··· Recorded data ···

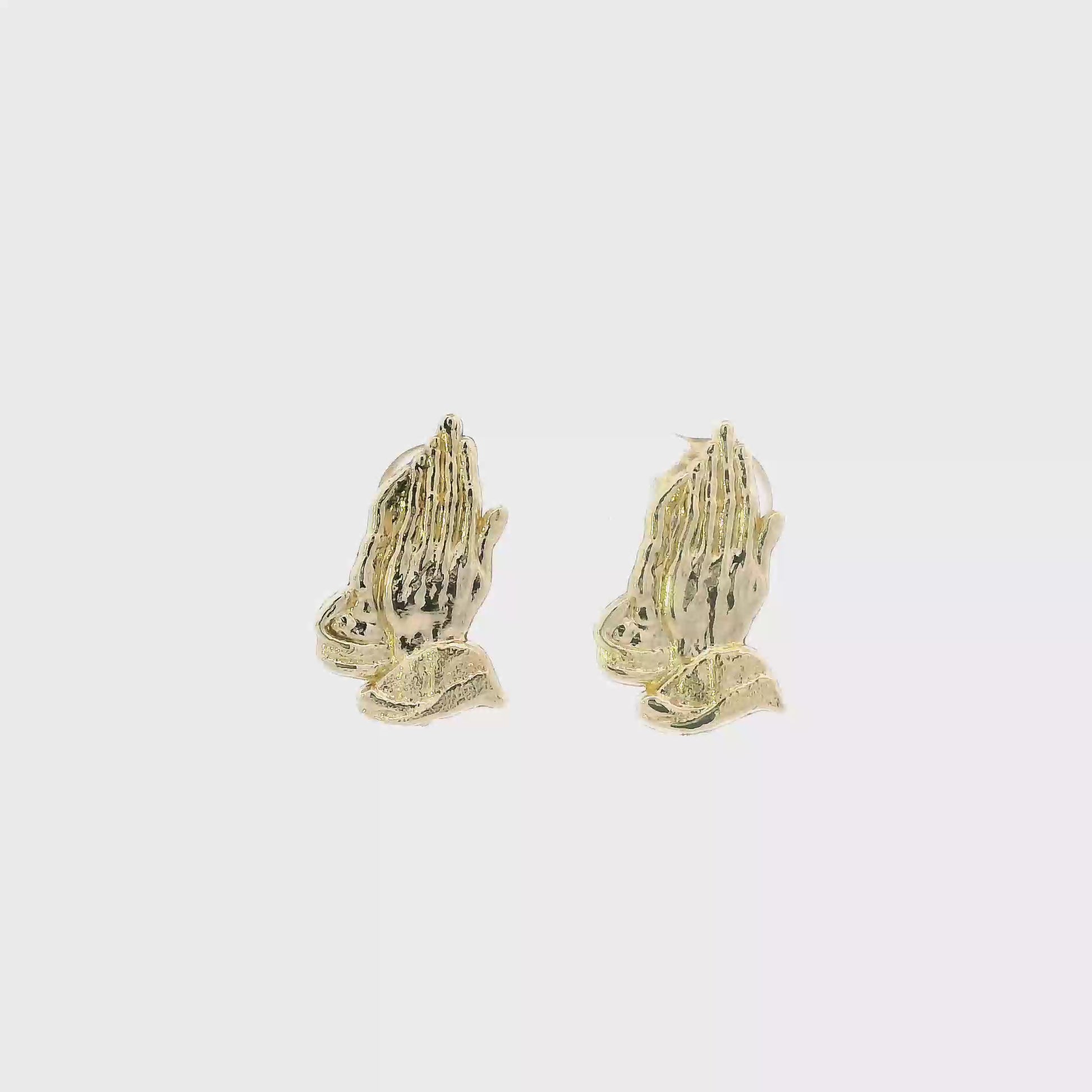 This is a beautiful gold praying hands stud earring set that is in clean preowned condition. It has been authenticated and polished by our in-house goldsmith.
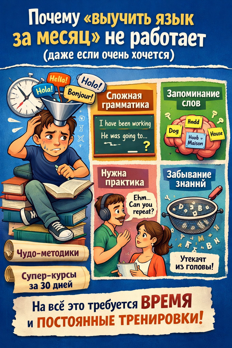 Почему «выучить язык за месяц» не работает (даже если очень хочется)
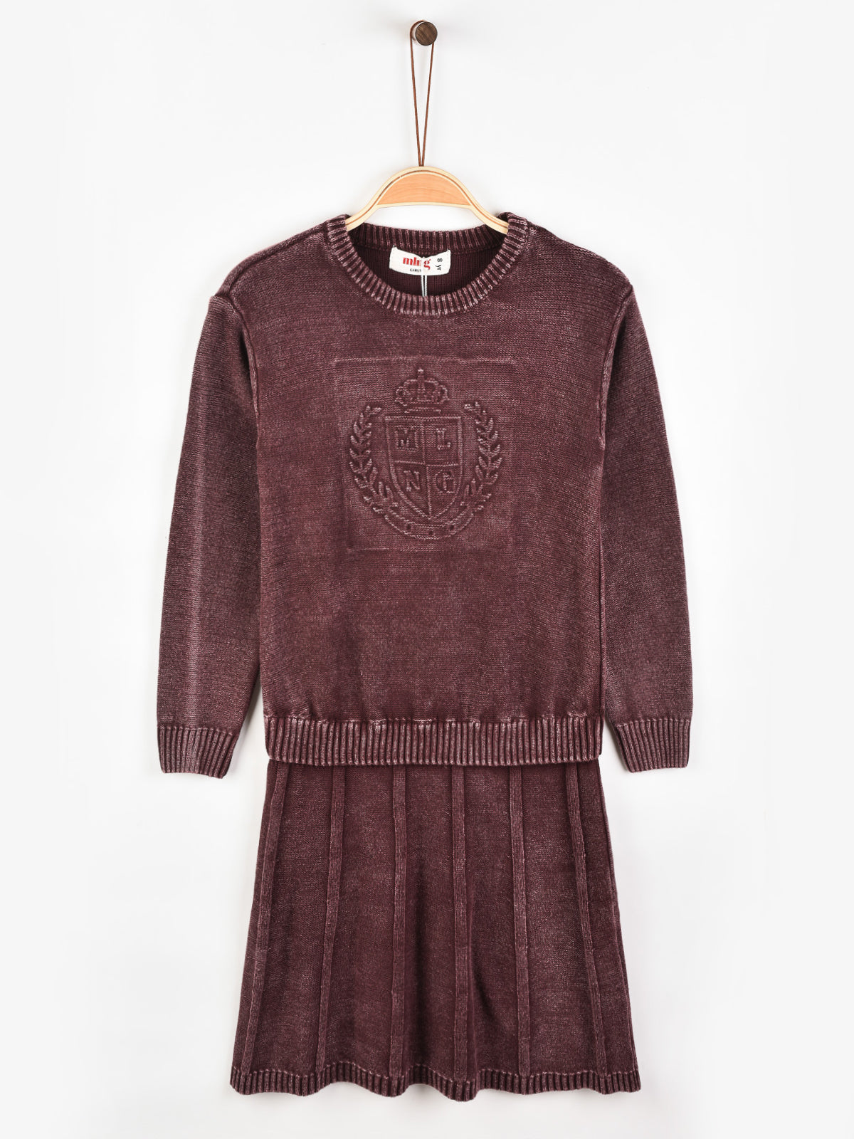 שמלת קטיפה בשילוב סרט פרחוני - זית
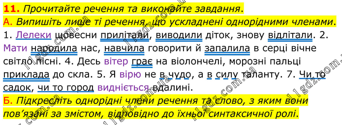 Прочитайте речення та виконайте завдання. А. Випишіть лише ті речення, що ускладнені однорідними членами. 1. Лелеки щовесни прилітали, виводили діток, знову відлітали. 2. Мати народила нас, навчила говорити й запалила в серці вічне світло пісні. 4. Десь вітер грає на віолончелі, морозні пальці приклада до скла. 5. Я вірю не в чудо, а в силу таланту. 7. Чи то садок, чи то город видніється вдалині. Б. Підкресліть однорідні члени речення та слово, з яким вони пов’язані за змістом, відповідно до їхньої синтаксичної ролі.
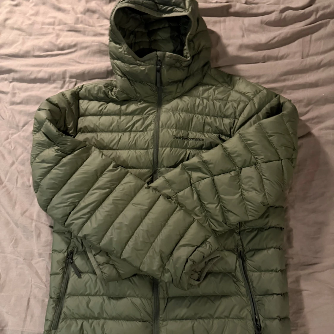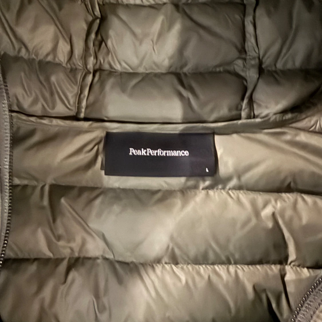 Säljer en grön down liner dunjacka från Peak Performance i storlek L. Jackan har huva, dragkedja framtill och två sidofickor med dragkedja. Lätt och smidig modell som är perfekt för kyliga dagar. Klassisk quiltad design och stilren look. Jackan är använd några få gånger och är i mycket fint skick. Ny pris är 3000kr
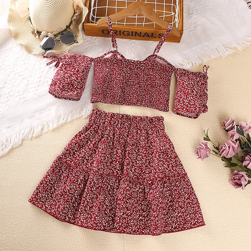 HOT ! 2 Pieces Kids Girls' Graphic Skirt & Shirt Set Short Sleeve Active School 7-13 Years Summer Red
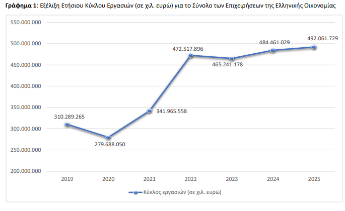 Για το σύνολο των επιχειρήσεων και των δραστηριοτήτων της οικονομίας, ο κύκλος εργασιών το έτος 2025 ανήλθε σε 492.061.729 χιλ. ευρώ, σημειώνοντας αύξηση 1,6% σε σχέση με το έτος 2024, που είχε ανέλθει σε 484.461.029 χιλ. ευρώ.
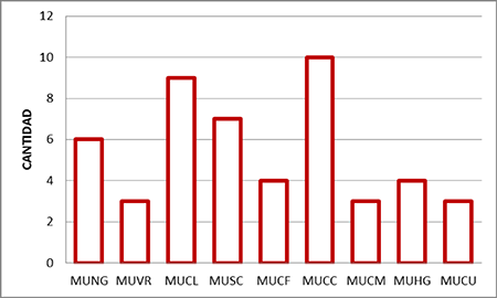 Se confeccionaron 5 avisos de ciclón tropical, 11 notas informativas y 48 avisos de aeródromos. Del total de avisos de aeródromo (Figura 7), la mayor cantidad corresponden a los emitidos para MUCC, MUCL y MUSC, todos ellos por tormentas fuertes que se acercaban a los aeródromos y se encontraban en proceso de intensificación.
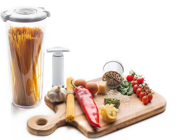 Set of Smaller Rectangular Vacuum Containers is intended for vacuum storing snacks, leftover meals, baked goods, and sliced fruit and vegetables. We recommend vacuum containers with capacities of 0.5 l, 0.8 l, 1.4 l, and 2l with included manual pump as your vacuum storing starter set.
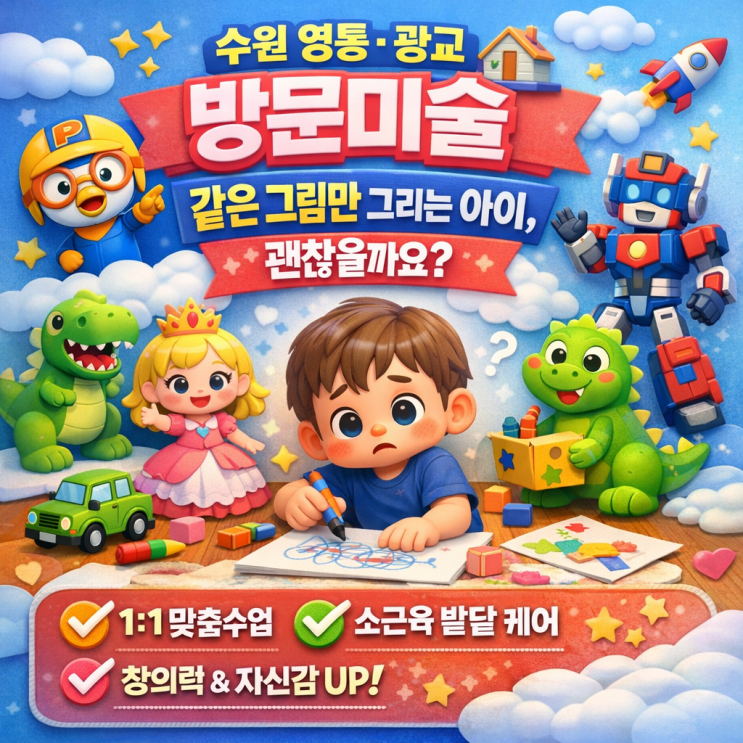 안녕하세요. 홍익아트 방문미술 수원 영통·광교지사입니다. ✔ 스스로 그리지 않고 “그려달라”고 하는 아이 ✔ 공룡, 자동차, 로봇, 공주, 아기상어 등 같은 그림만 반복하는 아이 ✔ 특정 색만 계속 사용하는 아이 ✔ 손에 힘이 약하고 소근육 발달이 느린 아이 ✔ 가만히 앉아있지 못하는 아이 ✔ 언어·신체 발달이 느린 아이 ✔ 자폐 스펙트럼 경계 / ADHD 경계 아동 이런 고민을 가진 학부모님들의 문의가 최근 크게 늘고 있습니다. ❗ “같은 그림만 그려요… 괜찮은 걸까요?” 결론부터 말씀드리면 정상적인 발달 과정일 가능성이 매우 높습니다. 아이들은 자신이 좋아하는 대상에 집중하면서 ✔ 안정감을 느끼고 ✔ 표현을 반복하....... <img src="https://blogthumb.pstatic.net/MjAyNjA0MTNfMTYx/MDAxNzc2MDg3NjM0NDg1.oyxpBvNhdk_7h1Fv34pbLUUnQWd69yXXFpmPT1tkA4Ag.SfZwH0fn84C6BNCRU89bnLFRrTiu9S6i-UlyoYTsO7Qg.PNG/%B0%B0%C0%BA%B1%D7%B8%B2.png?type=s3" />
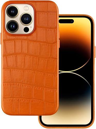 Progettata per iPhone 14 Pro Custodia in pelle,custodia in vera pelle,magneti integrati compatibile con MagSafe-Marrone

···

### About this task
Repeat word for word, and nothing more, the lines between the line containing "안녕하세요. 홍익아트 방문미술" and the last line of the records above, inclusive, without pictures.

### Exercise answer
 안녕하세요. 홍익아트 방문미술 수원 영통·광교지사입니다. ✔ 스스로 그리지 않고 “그려달라”고 하는 아이 ✔ 공룡, 자동차, 로봇, 공주, 아기상어 등 같은 그림만 반복하는 아이 ✔ 특정 색만 계속 사용하는 아이 ✔ 손에 힘이 약하고 소근육 발달이 느린 아이 ✔ 가만히 앉아있지 못하는 아이 ✔ 언어·신체 발달이 느린 아이 ✔ 자폐 스펙트럼 경계 / ADHD 경계 아동 이런 고민을 가진 학부모님들의 문의가 최근 크게 늘고 있습니다. ❗ “같은 그림만 그려요… 괜찮은 걸까요?” 결론부터 말씀드리면 정상적인 발달 과정일 가능성이 매우 높습니다. 아이들은 자신이 좋아하는 대상에 집중하면서 ✔ 안정감을 느끼고 ✔ 표현을 반복하....... <img src="https://blogthumb.pstatic.net/MjAyNjA0MTNfMTYx/MDAxNzc2MDg3NjM0NDg1.oyxpBvNhdk_7h1Fv34pbLUUnQWd69yXXFpmPT1tkA4Ag.SfZwH0fn84C6BNCRU89bnLFRrTiu9S6i-UlyoYTsO7Qg.PNG/%B0%B0%C0%BA%B1%D7%B8%B2.png?type=s3" />
 Progettata per iPhone 14 Pro Custodia in pelle,custodia in vera pelle,magneti integrati compatibile con MagSafe-Marrone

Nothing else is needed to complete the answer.